Les outils en pierre portent des marques révélatrices de la technologie des fibres remontant à 39 000 ans.
Les outils en pierre portent des preuves microscopiques d’une technologie végétale ancienne, selon une étude récemment publiée dans la revue PLOS UN. L’étude a été menée par Hermine Xhauflair de l’Université des Philippines Diliman et ses collègues.
On pense que les sociétés anciennes utilisaient largement des matières végétales pour fabriquer des textiles et des cordons, profitant de la flexibilité et de la résistance des fibres végétales, tout comme le font les communautés modernes. Cependant, les matériaux d’origine végétale comme les paniers et les cordes sont rarement conservés dans les archives archéologiques, en particulier sous les tropiques, de sorte que la technologie végétale préhistorique est souvent rendue invisible à la science moderne.

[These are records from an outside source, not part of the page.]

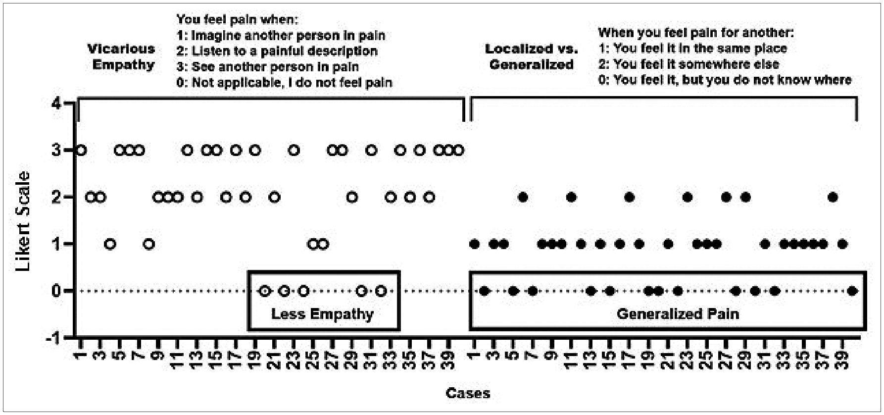 | Vicarious pain | 45.00% | 55.00% | |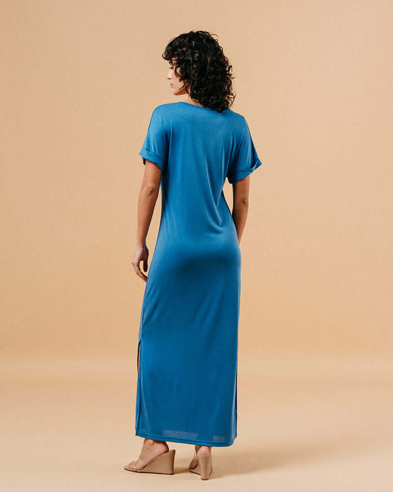 Grace & Mila - Margaux V Neck Bleu Long Dress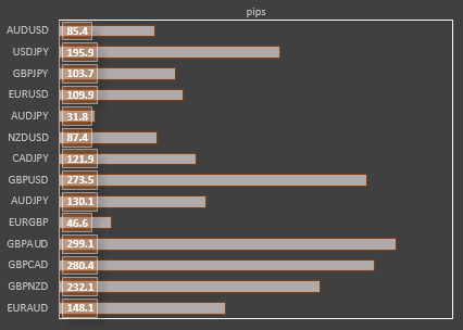 10月のスイングトレードは、+2,145.9pipsの収益、トレード回数は14回、14勝0敗、勝率100%となりました。平均獲得pipsは153.3pips、平均保有日数は5.6日となりました。
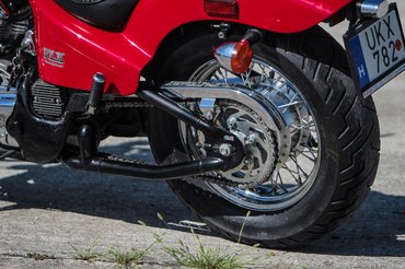 Pörgős a blokk, de nem vészesen és nem nyomatékszegény, simán együtt lehet vele élni, nem érzi az ember stílustisztátlannak. Ha a vízhűtő nem meredezne ott elöl a vázscsövek kötött (igaz, viszonylag diszkréten), tisztavérűnek nevezném; a 800-as Szpori se sokkal nagyobb. Léghűtéssel nyilván még szimpibb lenne. A blokk így sem lett randa: nem Kawasaki Vulcan-féle (nem biztos, hogy szándékosan) technokrata-blokkos szoftcsopper formatervet kapunk, hanem szép kis ál-léghűtést, azaz hűtőborda-imitációt.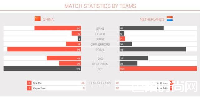 中国队除了朱婷36分之外,袁心玥和龚翔宇分别拿到11分和10分,荷兰队的斯洛特耶斯拿到22分,为本队最高,主攻布伊吉斯砍下20分,副攻贝丽恩得到10分。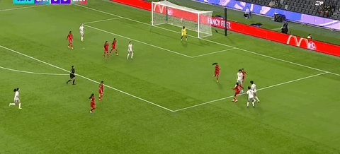 第33分钟,王霜再次送出直塞,金坤小角度射门被门将没收。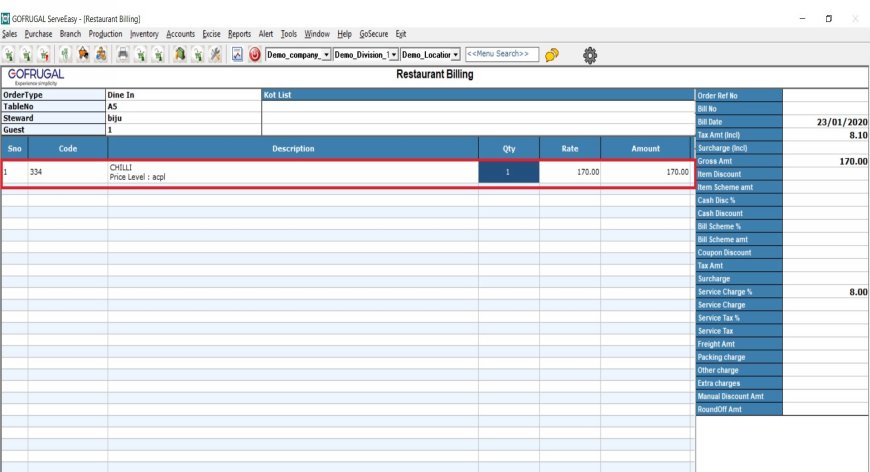As shown in the above Bill Entry screen you can see as the item is selected the price level is reflected and the price of chilli is increased by 10 accordingly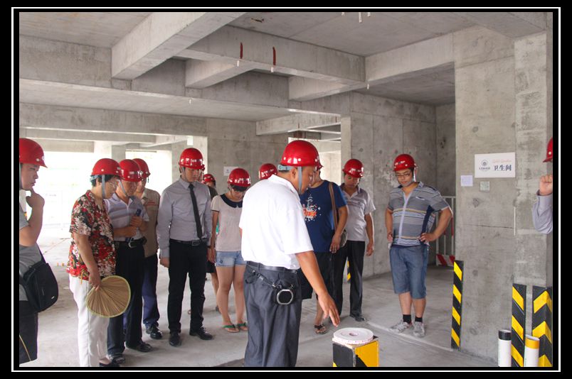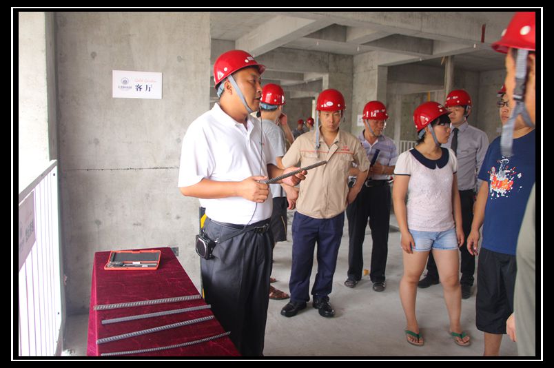 活動現場,首先參觀的是金海花園的工法樣板間。作為濟陽當地房地產市場上首個推出的工法樣板間,不但集中展示了項目先進的施工工藝和優質的施工材料,更加體現出公司在技術、質量上的領先和自信,在廣大客戶中間引起了強烈反響。隨后,由專業工程師和置業顧問分批次帶領客戶在施工現場進行了講解參觀。一路走來,現場的安全文明、施工質量和規范的場區秩序,以及樣板層整潔光亮的墻體混凝土、規范的自檢報告、衛生間及陽臺的管路預埋、樓體內的各種防護措施等等,讓廣大客戶對公司的精益化管理和人性化服務有了更加深入的理解。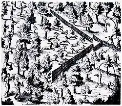 The Iroquois men also organized in a cooperative fashion. The men acted collectively during military actions.[12] The other jobs of men, such as hunting and fishing, also involved cooperative elements. The men more often organized as a whole village rather than as a clan.[13] The men organized hunting parties where they used extensive cooperation to kill a large amount of game. One firsthand account told of a hunting party that built a large brush fence in a forest to form a V. The hunters set a fire across from the open side of the V, forcing the animals to run towards the point where the hunters awaited them. They could kill one hundred deer at a time by such a plan.[14]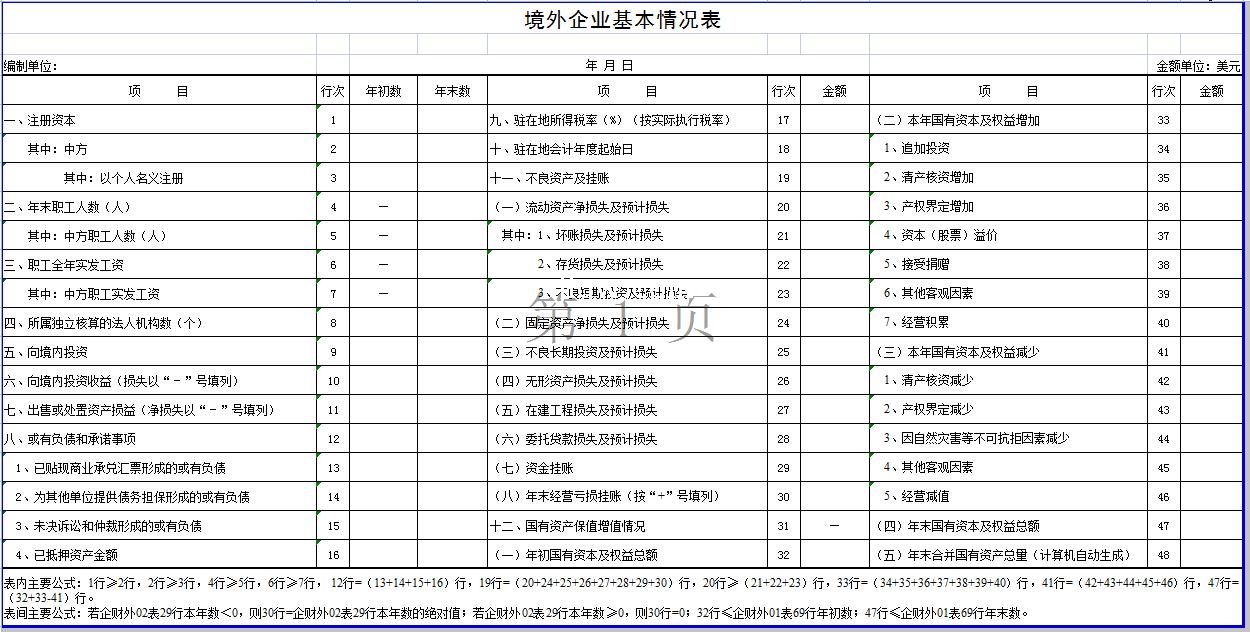 标题:境外企业基本情况表-Excel表格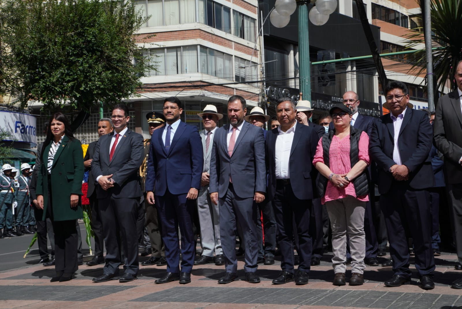 Ofrenda Floral al Monumento del Libertador Simón Bolívar con la participación del Ministro de Relaciones Exteriores, Rogelio Mayta y el Canciller de la República Bolivariana de Venezuela Yván Gil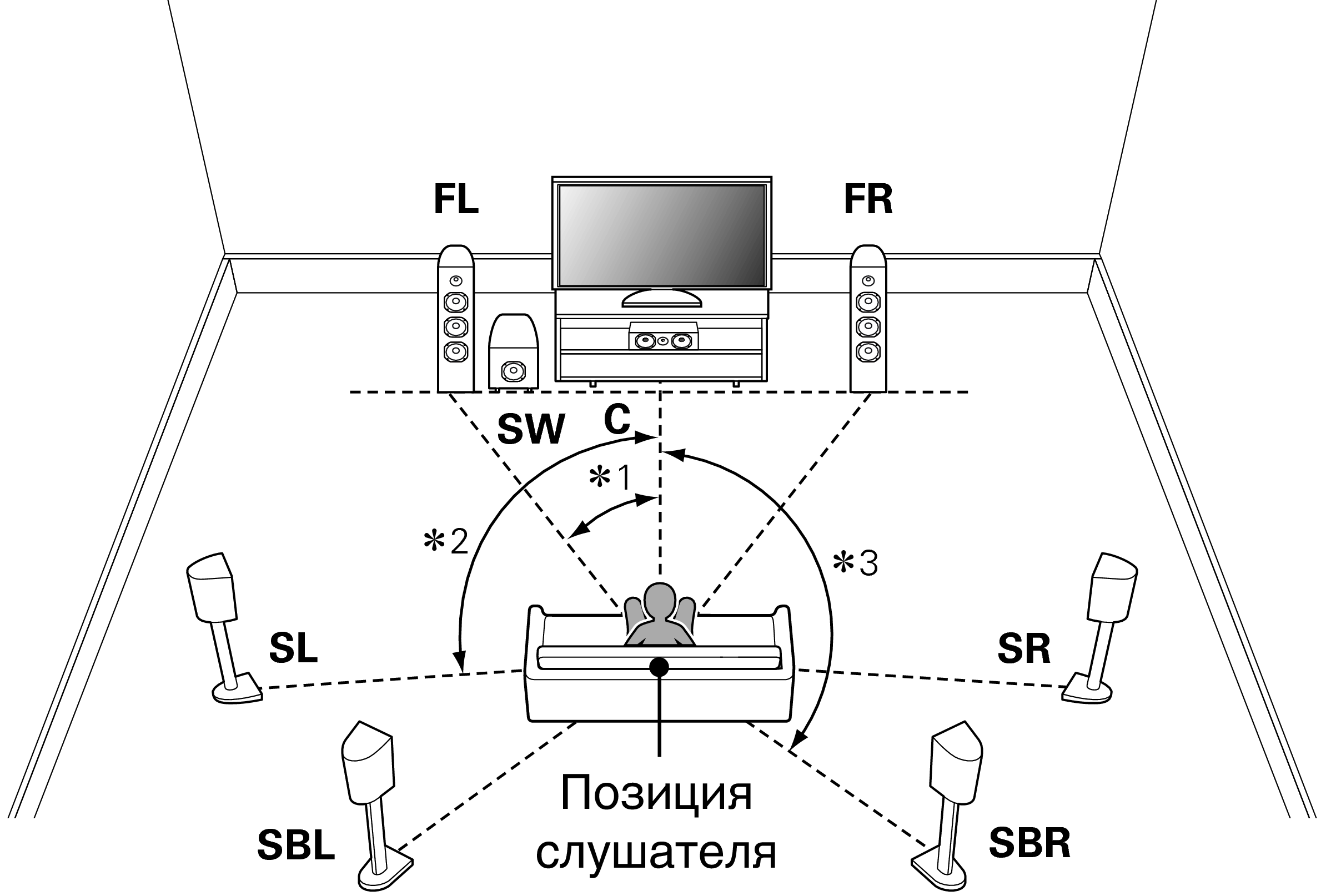 Установите левый и правый SURROUND BACK динамики объемного звучания позади основной позиции прослушивания на равном удалении от нее. При использовании только одного тылового динамика (SB) объемного звучания его следует установить непосредственно за позицией прослушивания. |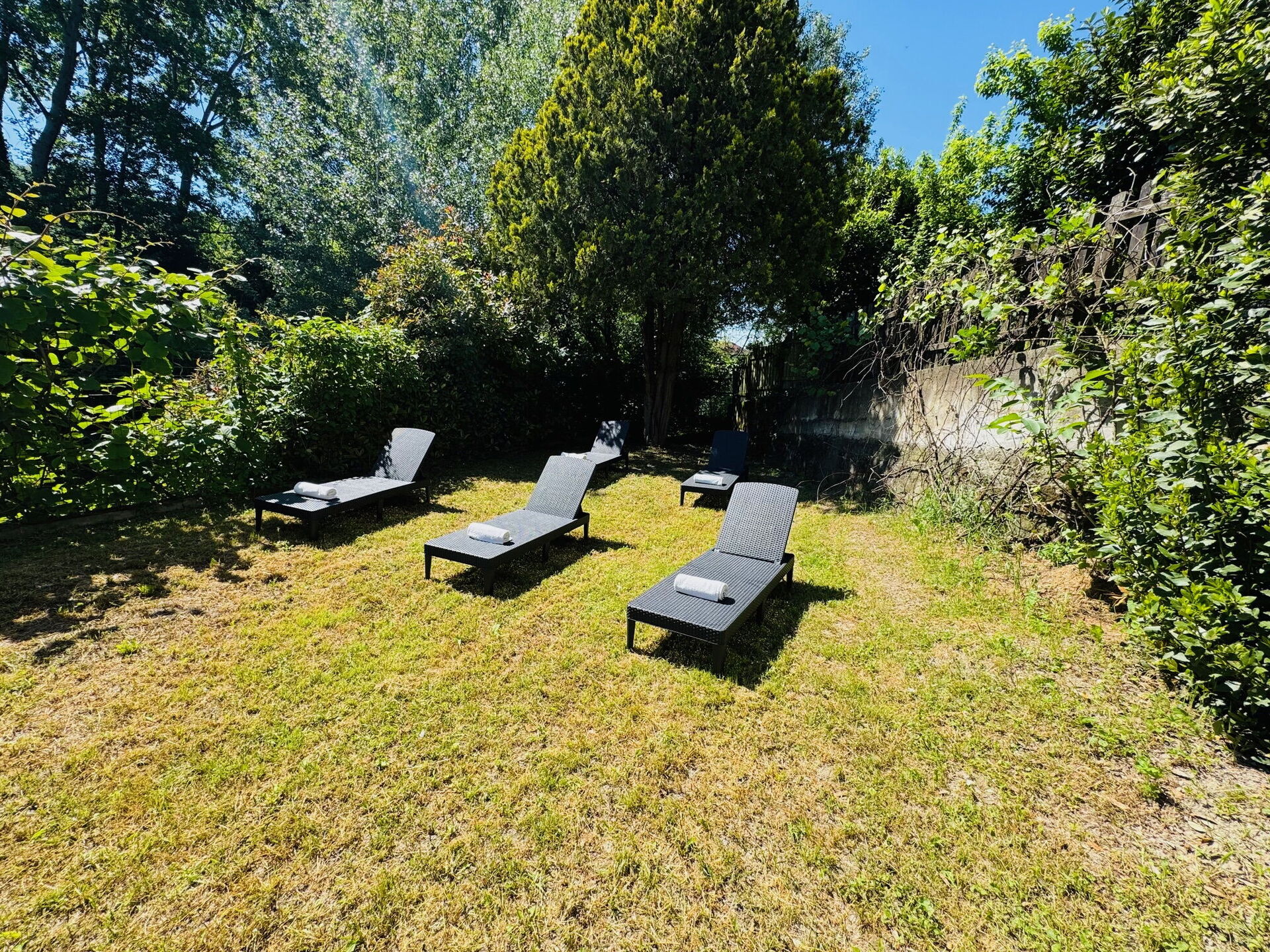 Garden (500 m2): swimming pool, barbecue, al fresco dining, dining table (people: 9), garden furniture, terrace furniture, six sunbeds, enclosed property.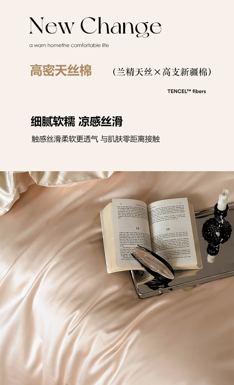 (总)沐晴 2023新款数码印花60S兰精天丝纯色简约轻奢四件套,茶花白,霍瓦纳,蓝苓花,抹茶绿,奶油桔,珊瑚粉,松石灰,太妃糖,向阳橙,薰衣草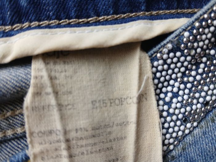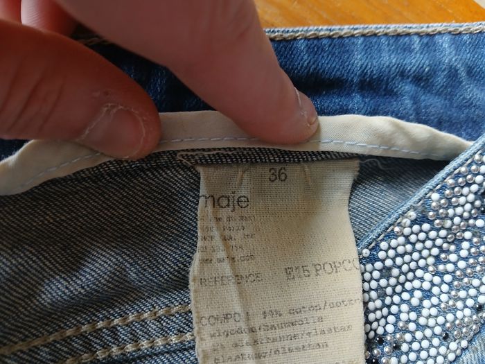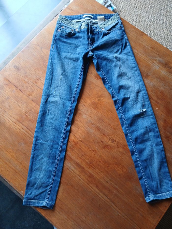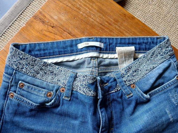 Jean avec ceinture en perles popcorn incrustées. Marque Maje Taille 36 Très bon état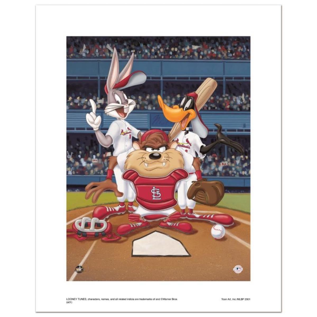 "At the Plate (Cardinals)" is a limited edition giclee on paper from Warner Bros. featuring iconic Looney Tunes characters in St. Louis Cardinals MLB uniforms. It comes numbered, with hologram seal, and a Certificate of Authenticity! Measures approx. 16 x 20" (with border), 12" x 16" (image).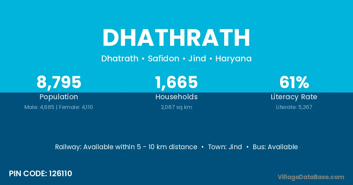 Jind is the nearest town to Dhathrath village for major economic activities

En Asie du Sud-Est, les objets les plus anciens fabriqués à partir de fibres végétales ont environ 8 000 ans. Dans cette étude, Xhauflair et ses collègues identifient des preuves indirectes d’une technologie végétale beaucoup plus ancienne.
Transformation de fibres végétales par des membres de la communauté Pala’wan de Brooke’s Point, Philippines. Crédit : Xhauflair et al., PLOS ONE, 2023, CC-BY 4.0
Cette preuve provient d’outils en pierre de la grotte de Tabon, à Palawan, aux Philippines, datant d’aussi loin que 39 000 ans. Ces outils présentent des dommages microscopiques accumulés lors de leur utilisation. Les communautés autochtones de cette région utilisent aujourd’hui des outils pour dépouiller des plantes comme le bambou et le palmier, transformant ainsi les tiges rigides en fibres souples à attacher ou à tisser. Les chercheurs ont suivi expérimentalement ces techniques de transformation des plantes et ont découvert que cette activité laisse un motif caractéristique de dommages microscopiques sur les outils en pierre. Ce même motif a été identifié sur trois objets en pierre de la grotte de Tabon.
Il s’agit de l’une des plus anciennes preuves de technologie des fibres en Asie du Sud-Est, mettant en évidence les compétences technologiques des communautés préhistoriques remontant à 39 000 ans. Cette recherche démontre également une méthode permettant de révéler des signes autrement cachés de la technologie végétale préhistorique. Des études plus approfondies permettront de comprendre à quel point ces techniques sont anciennes, à quel point elles étaient répandues dans le passé et si les pratiques modernes dans cette région sont le résultat d’une tradition ininterrompue.
Les auteurs ajoutent : « Cette étude repousse dans le temps l’antiquité de la technologie de la fibre en Asie du Sud-Est. Cela signifie que les groupes préhistoriques qui vivaient dans la grotte de Tabon avaient la possibilité de fabriquer des paniers et des pièges, mais aussi des cordes qui pouvaient servir à construire des maisons, des voiliers, à chasser à l’arc et à fabriquer des objets composites.
Les différentes étapes de ce projet ont été soutenues par le programme de recherche et d’innovation Horizon 2020 de l’Union européenne dans le cadre de la convention de subvention Marie Sklodowska-Curie n°843521, l’Institut de Recherche pour le Développement, le Muséum National d’Histoire Naturelle de Paris, Ile-de-France. – Région France, Fondation Fyssen, McDonald Institute for Archaeological Research (Université de Cambridge), Institute for SE Asian Archaeology et Programme PrehSEA.